Оценить:
 Рейтинг: 4.67

Малюта Скуратов

Год написания книги
2008
<< 1 ... 47 48 49 50 51 52 53 54 55 ... 57 >>
На страницу:
51 из 57
Настройки чтения
Размер шрифта
Высота строк
Поля
Малюта истово перекрестился. Царь, видимо, машинально, последовал его примеру.

– Известился я, кроме того, что гонца послал он с грамотою к «старому князю» – перенять и его распорядился я… Дозволь, великий государь, допросить хитрого старикашку… Отведи беду от себя, от своего потомства, от России.

Иоанн молчал.

– Не говорит во мне ни злоба, ни неприязнь к князю Василию, – продолжал Григорий Лукьянович. – Самому ведомо тебе, что хлеб-соль даже когда-то мы водили с ним, но стал я замечать за ним, что и тебя, государя, и всех нас он сторонится, и сердцем почуял неладное, ан вещун-то мой не обманул меня. К примеру взять князя Никиту: хотя он и одного отродья, а слова против него не молвлю; может, по любви к брату да слабости душевной какое касательство до дела этого и имеет, но я первый буду пред тобой его заступником; сам допроси его, после допроса брата, уверен я, что он перед тобой очистится; а коли убедишься ты воочию, что брат его доподлинно, как я тебе доказываю, виноват кругом, то пусть князь Никита вину свою меньшую с души своей снимет и казнит перед тобой, государь, крамольника своею рукою.

– Как своею? – вскинул на него царь глаза.

– Так… своею… перед твоими очами, государь, – невозмутимо отвечал Малюта. – При мне не раз похвалялся он тебе, что хоть и не записан в опричину, а верней его ты не сыщешь будто бы слуги, так вот, пусть и докажет он, что исполнит «не сумняся и молчав всякое царское веление, ни на лица зря, ни отца, ни матери, ни брата», как в присяге нашей прописано.

Взгляд Иоанна загорелся болезненно-злобным огнем, а черты лица исказились зверскою улыбкою.

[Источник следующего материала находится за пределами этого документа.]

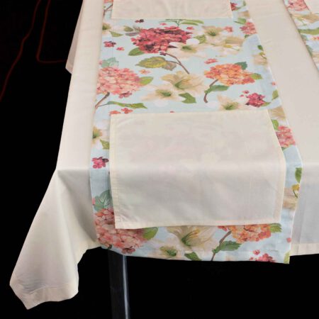 Покривка за маса от памук в екрю/ванилия, четири индивидуални платнени салфетки и два тишлайфера (рънъра), играещи ролята на подложки за сервиране, в десен на цветя.

Это было почти постоянным последствием долгой беседы с его кровожадным любимцем.

– Занятно придумал, Лукьяныч! Исполать тебе!.. Попытаем!.. А я, признаться, хитрецом-то считал Никитушку, а не брата его – Василия… А может, и прав ты – провел меня старый пес… Убедиться-то оно не мешает, есть ли у меня верные слуги между старыми боярами… Занятно, говорю, придумал, занятно!

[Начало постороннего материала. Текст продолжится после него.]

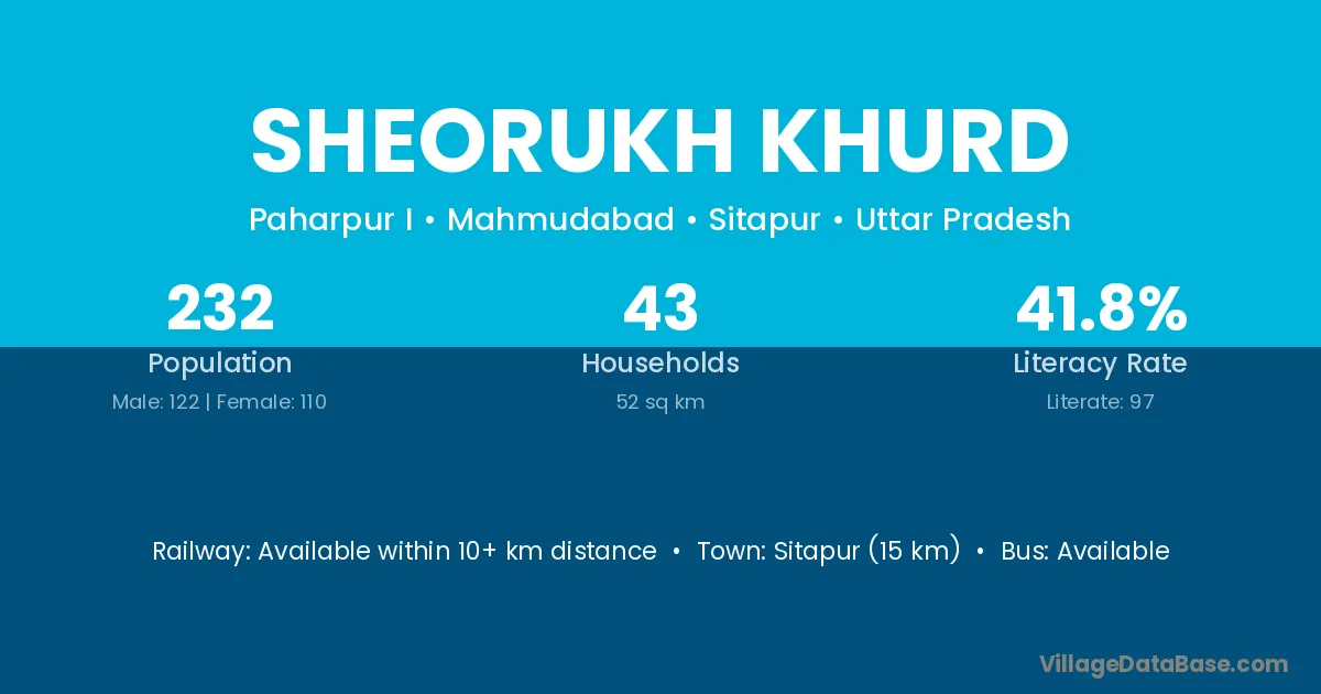 Sheorukh Khurd village has a total population of 232 people, of which 122 are males and 110 are females.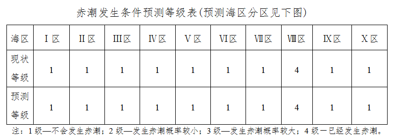 当前预报天气形势不利于厦门沿海区域赤潮的发展和其它沿海区域赤潮的发生。未来两天我省沿海赤潮发生条件预测等级见下表。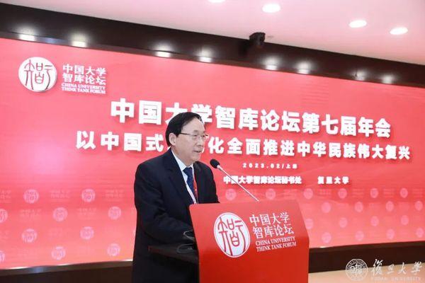 2月24日,聚焦“以中国式现代化全面推进中华民族伟大复兴”主题,中国大学智库论坛第七届年会在复旦大学举行。教育部党组成员、副部长翁铁慧,上海市人大常委会副主任、党组副书记周慧琳,复旦大学党委书记裘新、校长金力出席全体大会并讲话。

Царь засмеялся полубезумным смехом, и вдруг глаза его широко раскрылись.

– Так дозволяешь, государь? – поспешно спросил Григорий Лукьянович.

– Иди… допроси… зелье… грамоту… – произнес царь коснеющим языком и задрожал.

Малюта спешил недаром. Приказание, решавшее судьбу князя Прозоровского, было вырвано. Палачу не было дела, что царь бился в его руках в припадке своей страшной болезни. Он дождался конца припадка и, когда царь захрапел, поспешно вышел из опочивальни.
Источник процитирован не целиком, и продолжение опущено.